Weis Markets stock: Balance sheet trends point to further gains (NYSE:WMK)



Shares of Weis Markets, Inc. (NYSE: WMK) have been on an absolute tear for the past 30 or so months. In fact, as we see in the technical chart below, stocks have remained above their 200-day moving average since that date. significant upward movement at the start of 2020. The question now is whether investors can continue to follow this upward trend.

Although stocks remain well above their 200-day moving average and more than 11% of the float is currently short, that hasn’t stopped stocks from rallying aggressively higher. Suffice it to say that from a technical standpoint initially, Weis Markets shares look more likely to continue rallying than reversing at this point. This is something that value investors have a particularly hard time understanding. Value investors are used to investing against the grain, which usually means that their respective stocks have been beaten hard by the market. However, Weis Markets (despite its relentless rally) is by no means expensive right now. The shares are trading with a sell multiple of 0.49 and a price to cash flow multiple of 10.24. Suffice it to say, if Weis’ operating profit can continue to grow by up to 10% per year based on the multiples mentioned above, then chances are we’re only in the first rounds of this bullish movement.

Technical table WMK

Weis Markets continues to rise (Stockcharts.com)

While many investors focus on profitability metrics and their growth when stocks are in bullish mode, it can be difficult to decipher forecast growth rates solely from this practice. What we like to watch is how Weis Markets’ financial situation has changed during this latest rally, as balance sheet trends can give us some insight into the sustainability of this rally. We will go through a period of the previous nine quarters that corresponds to the significant rise in shares of Weis Markets in recent times.

Cash and investments ST

In most cases, the more liquidity Weis Markets has available, the better, as this liquidity can be used for investment and shareholder reward purposes. Weis Markets reported just over $300 million in cash and short-term investments at the end of its fiscal second quarter. This is an increase of approximately $80 million from the corresponding figure at the end of the first quarter ($220 million) in 2020. All things being equal, a 36% growth rate of cash and ST investments is a solid performer over the past nine quarters given quarterly results. sales increased by approximately 15% during this period. Shares of Weis Markets now trade at just over 7 times its cash position.

Current ratio

Often a business may decide to sacrifice short-term cash to increase returns and, more importantly, to service customers. A high current ratio is a type of insurance in the event that for some reason operations should stop and cash is needed quickly. At the end of the second quarter of this year, the current ratio of Weis stood at 2.07, which means that it has climbed about 21% over the past nine quarters. Even if we remove the retailer’s inventory, the quick liquid ratio currently stands at 1.18 compared to 0.99 for the same measure at the end of the first quarter of 2020. Result; Weis Markets liquidity continues to improve.

Net tangible fixed assets

The lion’s share of Weis’ non-current assets and the retailer’s largest asset item, in general, are its stores or properties, plant and equipment. At the end of the second quarter, this item was $1.15 billion, only $57 million or 5% higher than the corresponding figure at the end of the first quarter of fiscal 2020. suffice to say that sales and earnings growth easily beat 5% in the past 9 quarters, this means Weis Markets assets have reported more revenue in the past nine quarters.

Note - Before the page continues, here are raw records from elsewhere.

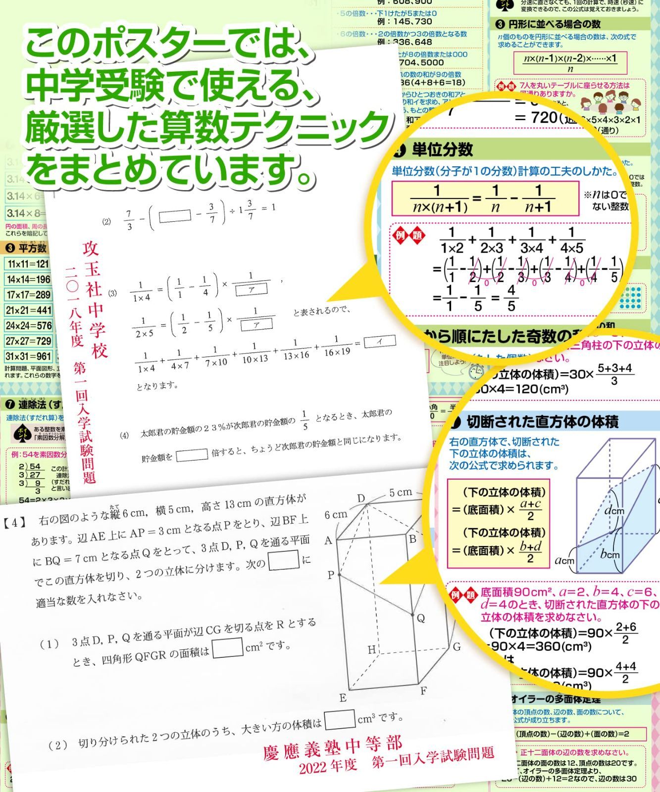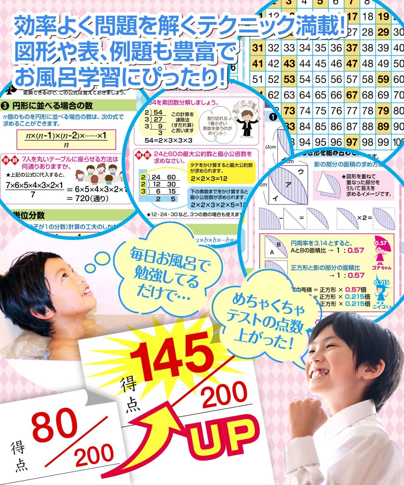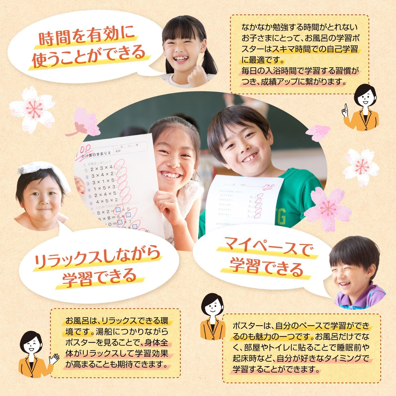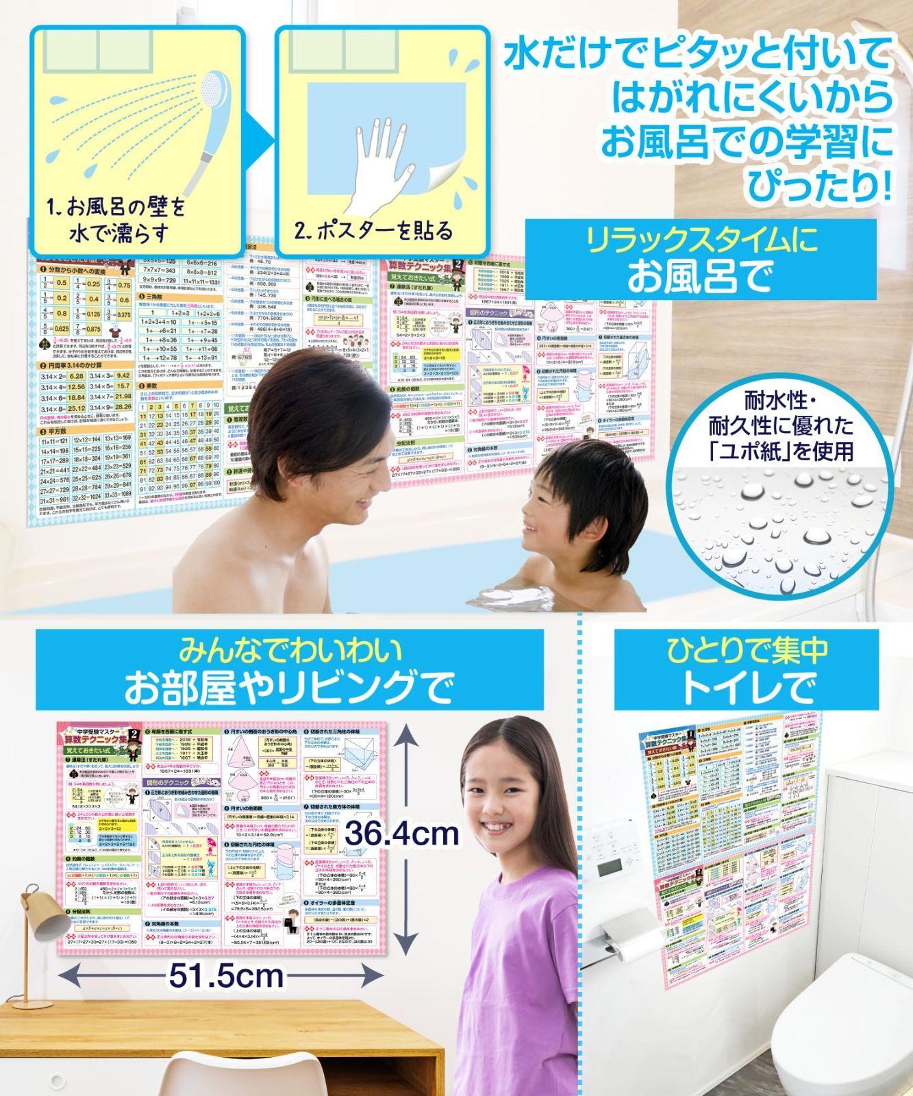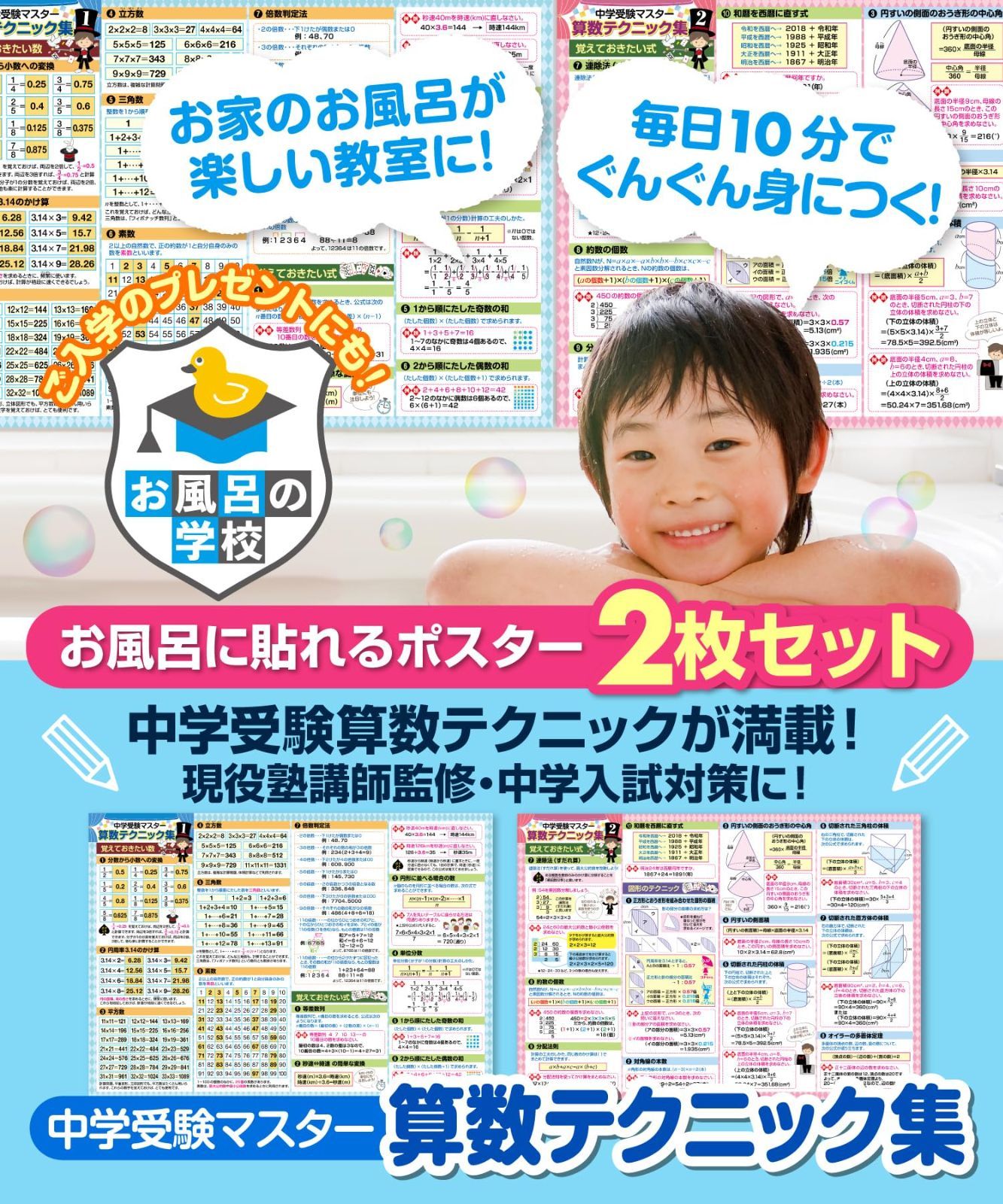【在庫処分】お風呂の学校 中学受験マスター算数テクニック集 お風呂ポスター 2枚セット 日本製 中学受験に必要な算数テクニック 学習 知育 B3サイズ 防水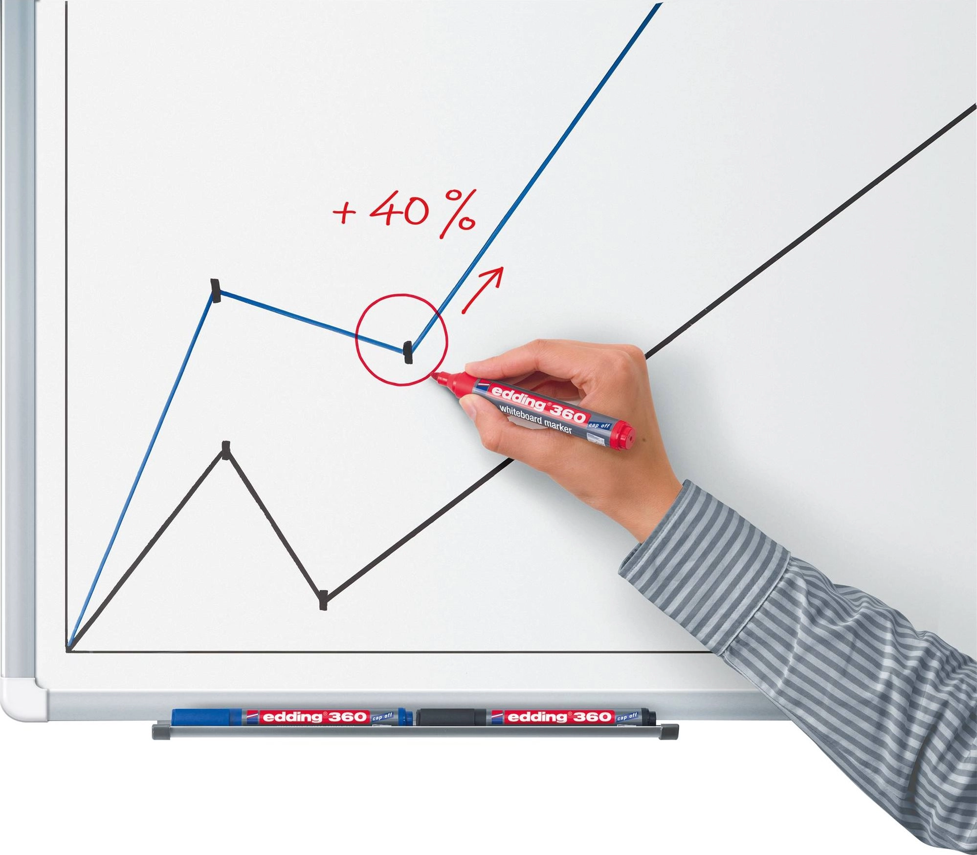 A népszerű Edding 360 marker ideális a mindennapos íráshoz minden típusú fehértáblán. Enyhe szagú, pigmentált tintájának és butil-acetátmentes összetételének köszönhetően kényelmesen használható irodában, iskolában és otthon. Az írás élénk, jól olvasható piros, és könnyen szárazon letörölhető nyomok hátrahagyása nélkül.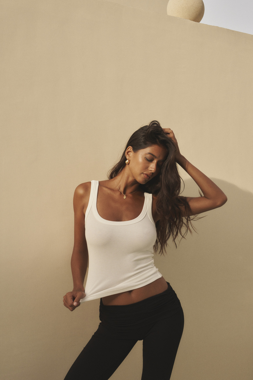 Everyday Tank Top es un top de tirantes atemporal que combina un estilo minimalista con la máxima comodidad. Confeccionado en un tejido suave y acanalado, se adapta perfectamente al cuerpo, resaltando su forma natural. El clásico escote redondeado añade un toque de elegancia sutil, mientras que el corte sencillo lo convierte en una prenda versátil imprescindible en cualquier armario. Es ideal tanto para looks deportivos y casuales como para combinaciones más sofisticadas con accesorios elegantes, logrando un estilo relajado pero refinado. Una opción perfecta para los días cálidos o como base bajo blazers y suéteres.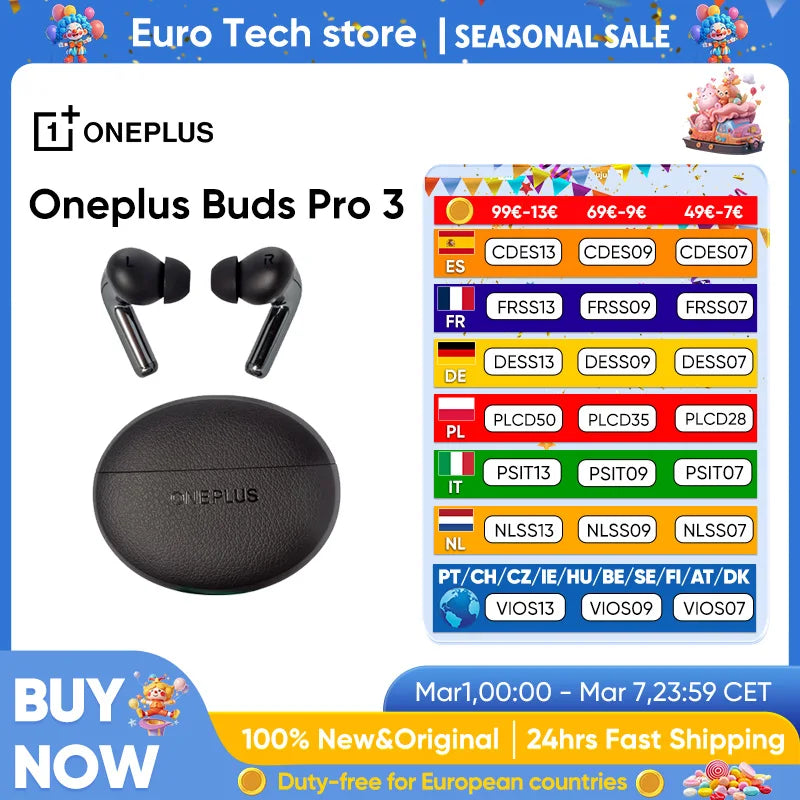 Auricolari wireless OnePlus Buds Pro 3, cancellazione attiva del rumore 50dB, batteria 43h, Bluetooth 5.4, IP55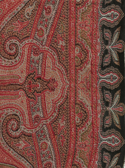 Woven paisley shawls may still be found, however, if they are in good condition they are pricey.  You may find these textiles in varying conditions and, depending upon the intended use, they may be repaired for table covers or sections may be salvaged for use as applique elements.  Printed paisley is more affordable.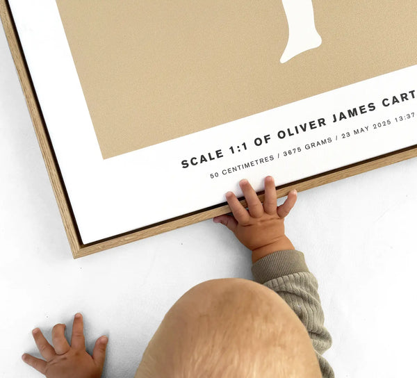 The Birth Poster est une série d’illustrations qui vous rappellent à quel point votre bébé était petit à sa naissance. Cette œuvre d’art intemporelle est réalisée à l’échelle réelle de la taille de votre bébé à la naissance. Si votre bébé mesurait 51 cm, l’illustration elle aussi mesurera précisément 51 cm. En bas du poster, nous imprimons les informations de la naissance de votre bébé : le nom, la taille, le poids et la date de naissance.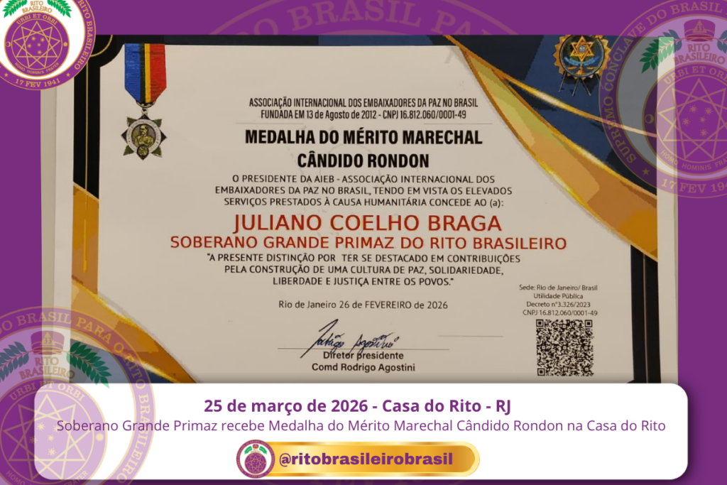 No dia 25 de março de 2026, na Casa do Rito Brasileiro, foi vivenciado um momento de grande reconhecimento institucional ao Soberano Grande Primaz Juliano Coelho Braga, que recebeu em mãos a Medalha do Mérito Marechal Cândido Rondon, concedida pela Associação Internacional dos Embaixadores da Paz no Brasil (AIEB). 🎖 Reconhecimento de relevância nacional A […]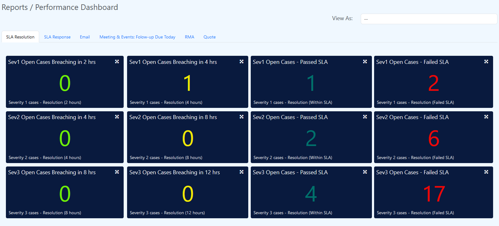 The additional tabs for RMA and Quote have been added to the SNA Performance Dashboard.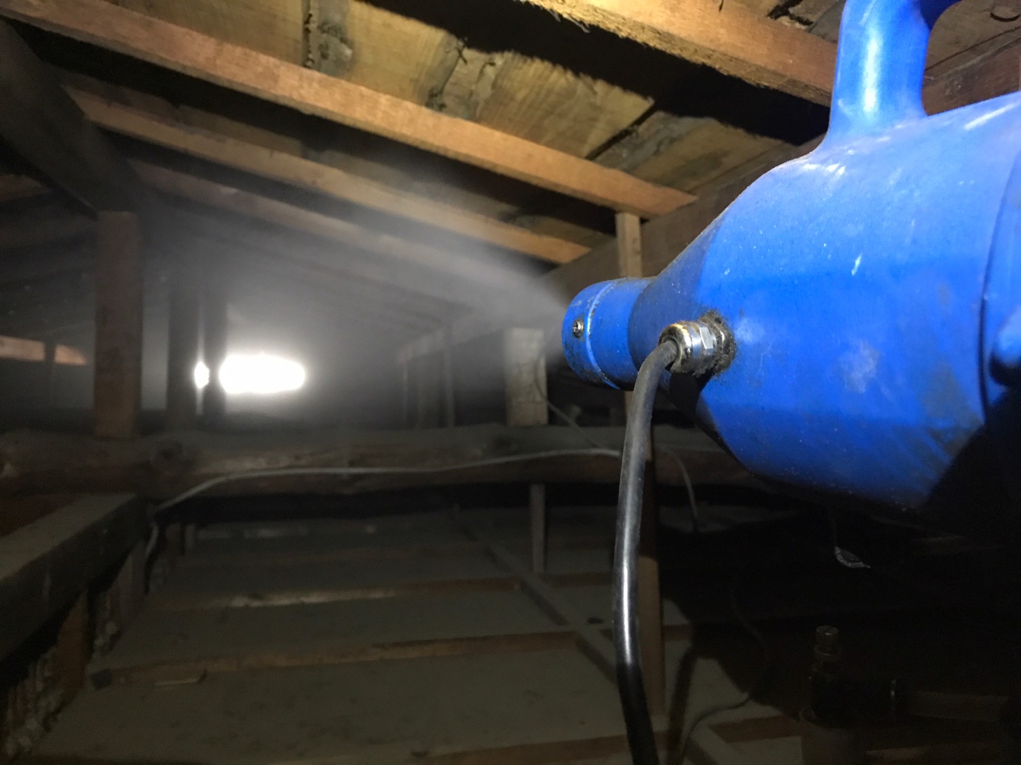 まずは、燻煙剤と呼ばれる薬剤を天井裏や床下に投入することで、ネズミを追い出していきます。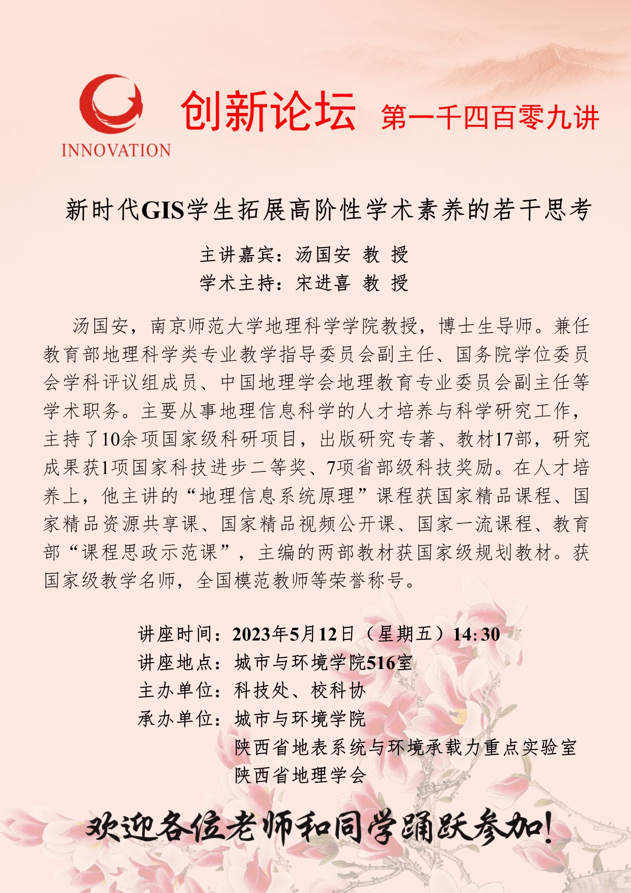 汤国安 教授 MILAN.COM创新论坛第一千四百零九讲:新时代GIS学生拓展高阶性学术素养的若干思考 讲座时间 2023年5月12日(星期五)14:30 讲座地点 城市与环境学院516室 讲座人介绍 汤国安 教授 讲座内容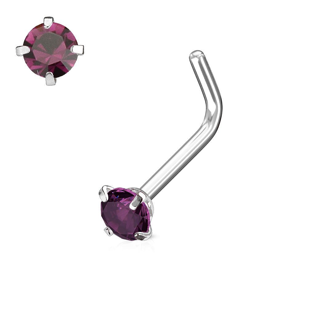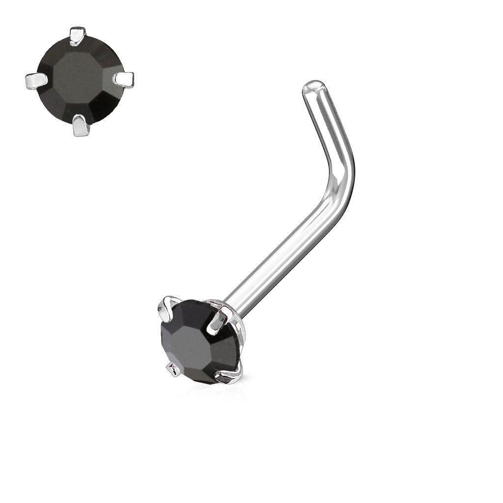 Zahnutý piercing do nosu zdobený kulatým zirkonem o průměru 3 mm.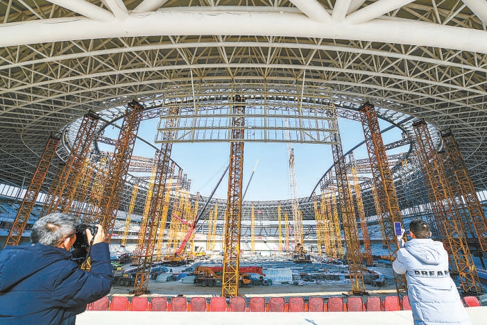 站在体育场南侧广场上,几十台黄色胎架竖立在体育场内,他们承担着吊装任务。每天在三个场馆巡视,张宏伟都要走两万多步。张宏伟笑着说,2024年工程要实现竣工交付,越到后期,细节越多,更要求我们精益求精。奋斗和坚守就是今年春节张宏伟和同事们的主题。他计划把项目部装扮一番增添年味儿,“让同事们过一个难忘且有意义的春节。”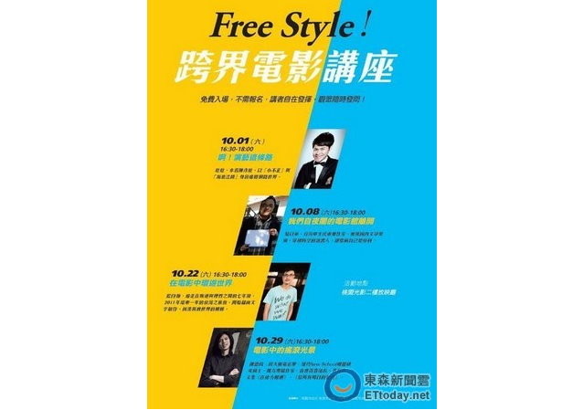 桃園光影電影館12日指出,該館自10月份起,舉辦多場不同形式的講座與課程,歡迎市民前來體驗不一樣的電影工作坊!「Free Style!跨界電影講座」,於 10月的每週六下午4點半開始,免費入場,不需報名,讓講者自在發揮、觀眾隨時發問,營造一個雙向溝通的講座形式。

This is exactly the trend we want to see because based on current trends, more assets should automatically lead to faster earnings, all things being equal.

return on assets

We see the ramifications of what is discussed above in Weis’ asset profitability metric. This key metric lets us know how much profit is generated from every dollar of available assets. If we just take Weis’ second quarter numbers ($36.3 million in net income on $1.926 billion in assets) and average them over four quarters, we get an adjusted ROA of 7.54%. Doing the same for the first quarter of fiscal 2020 ($26.7 million in net income on assets of $1.716 billion), we obtain an adjusted ROA 9 quarters ago of 6.22%. Another encouraging trend.

Return on equity

Return on Equity or ROE is another solid profitability metric to use in Weis Markets, as the company has no debt and runs a stable number of shares. These two variables (debt and number of shares outstanding) can provide misleading trends in a company’s return on equity profile due to changes in equity. Again, all I’m looking for here is Weis earnings outperformance over the past nine quarters versus company equity and that’s what we’re seeing once again. While shareholders’ equity increased by approximately $186 million or 17.3% to $1.263 billion at the end of the second quarter of this year, net profit increased by $9.6 million or nearly 36% over the past nine quarters. Return on equity over the past four quarters for the record nearly reached 10%.


Weis Markets’ balance sheet trends definitely match the current behavior of the stock’s technical values. Earnings growth outpaces both the growth of the company’s assets and equity, cash is growing, and so is liquidity in general. Also, equity or book value continues to grow. We see the year-to-date highs recorded earlier this year being easily knocked out in this current rally. We look forward to continued coverage.